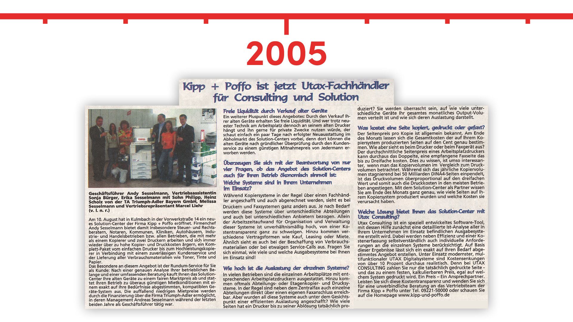 Ab 2005 wird die Partnerschaft mit UTAX durch die Spezialisierung auf ganzheitliches Consulting ausgebaut und das Produktportfolio um Scanner- und Softwarelösungen erweitert. Somit können neue Kundengruppen v.a. im Health Care und Automotive Bereich, sowie in der mittelständischen Industrie gewonnen werden.
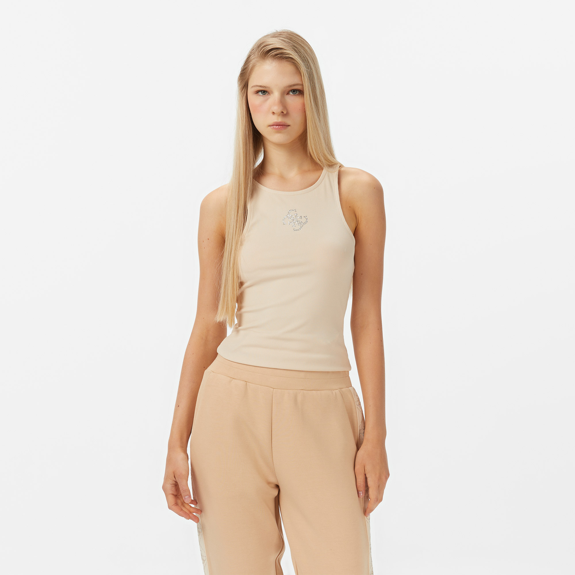 Guess New Round Kadın Krem Rengi Kolsuz T-Shirt, tenine nazikçe dokunan yumuşak kumaşıyla gün boyu konfor sunar.
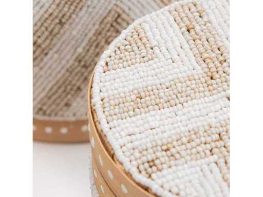 3 boîtes de rangement, entièrement doublées à la main de petites mini-perles.
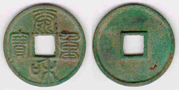 10 ch'ien (Käsch) Kaiser: Chang -Tsung Epoche: T'ai Ho (1201-1208) Vorderseite: T'ai Ho Chung Pao (große Siegelschrift) Rückseite: leer vgl. SCHJÖTH 1093
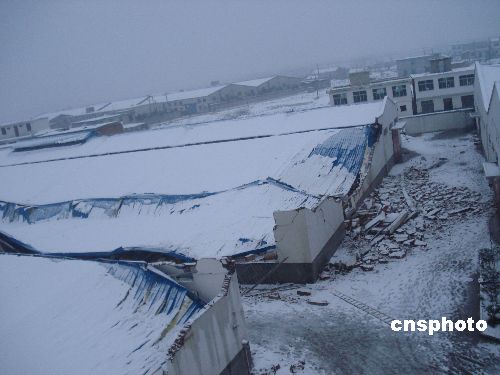 1月19日,由于連降暴雪,安徽合肥瑤海區(qū)工業(yè)園5000多平方米倉(cāng)庫(kù)廠房被積雪壓塌,所幸沒(méi)有造成人員傷亡。據(jù)悉,該工業(yè)園已免費(fèi)提供2萬(wàn)平方米標(biāo)準(zhǔn)倉(cāng)庫(kù),在確保安全的情況下,預(yù)計(jì)1月20日組織拆遷隊(duì)伍扒開屋頂,推倒墻壁,把被埋物資全部轉(zhuǎn)移。 中新社發(fā) 何保豐 攝

§

Exercise goal: Make an exact copy of all entries above, dropping the images.

Solution:
 Ab 2005 wird die Partnerschaft mit UTAX durch die Spezialisierung auf ganzheitliches Consulting ausgebaut und das Produktportfolio um Scanner- und Softwarelösungen erweitert. Somit können neue Kundengruppen v.a. im Health Care und Automotive Bereich, sowie in der mittelständischen Industrie gewonnen werden.
 Guess New Round Kadın Krem Rengi Kolsuz T-Shirt, tenine nazikçe dokunan yumuşak kumaşıyla gün boyu konfor sunar.
 3 boîtes de rangement, entièrement doublées à la main de petites mini-perles.
 10 ch'ien (Käsch) Kaiser: Chang -Tsung Epoche: T'ai Ho (1201-1208) Vorderseite: T'ai Ho Chung Pao (große Siegelschrift) Rückseite: leer vgl. SCHJÖTH 1093
 1月19日,由于連降暴雪,安徽合肥瑤海區(qū)工業(yè)園5000多平方米倉(cāng)庫(kù)廠房被積雪壓塌,所幸沒(méi)有造成人員傷亡。據(jù)悉,該工業(yè)園已免費(fèi)提供2萬(wàn)平方米標(biāo)準(zhǔn)倉(cāng)庫(kù),在確保安全的情況下,預(yù)計(jì)1月20日組織拆遷隊(duì)伍扒開屋頂,推倒墻壁,把被埋物資全部轉(zhuǎn)移。 中新社發(fā) 何保豐 攝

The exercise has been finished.